* **WHAT TO PRODUCE**:
Please leave out pictures and print exactly the lines from the one that has "61312-76010, PILLAR, CENTER BODY, OUTER LH" through the last line of the material below.

* **PROVIDED DATA**:
########################################

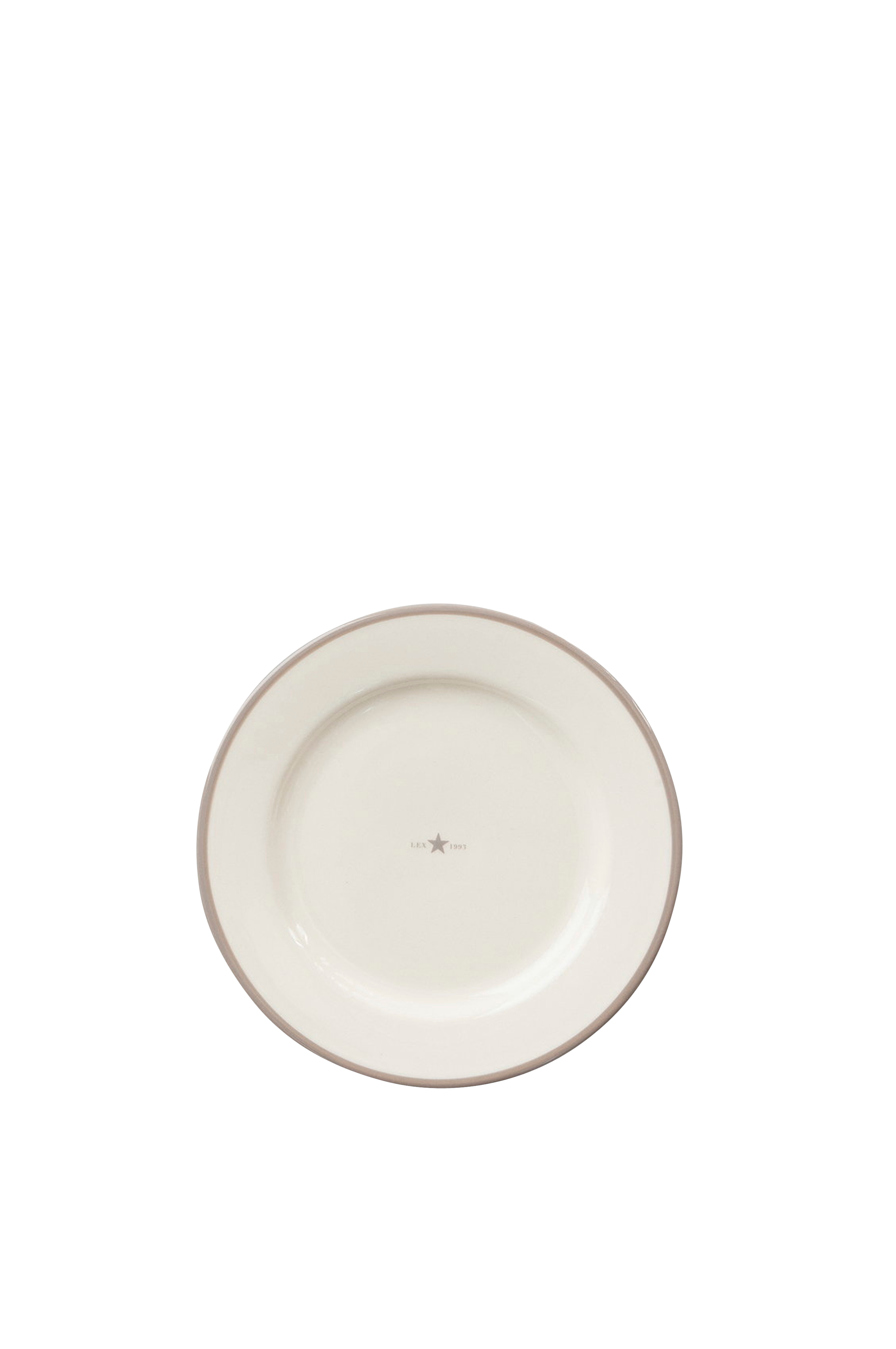 Handmålad desserttallrik i keramiskt lergods med logotyp. Varje tallrik har en unik prägel. Mått: 22 cm diameter.
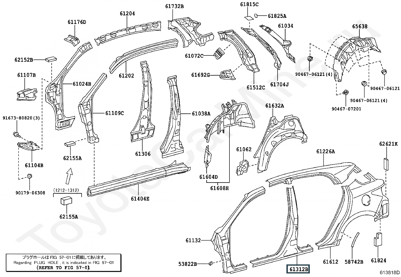 61312-76010, PILLAR, CENTER BODY, OUTER LH
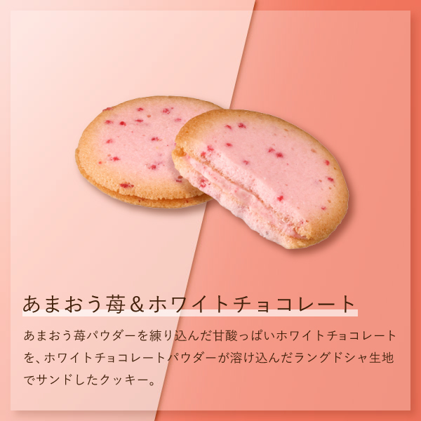「あまおう苺&ホワイトチョコレート」を4枚詰めました。ラングドシャのサクッとした口あたりと、風味豊かなチョコレートのハーモニーをお楽しみください。※福岡県産あまおう苺58%使用(苺中)

########################################

* **WRITTEN ANSWER**:
 61312-76010, PILLAR, CENTER BODY, OUTER LH
「あまおう苺&ホワイトチョコレート」を4枚詰めました。ラングドシャのサクッとした口あたりと、風味豊かなチョコレートのハーモニーをお楽しみください。※福岡県産あまおう苺58%使用(苺中)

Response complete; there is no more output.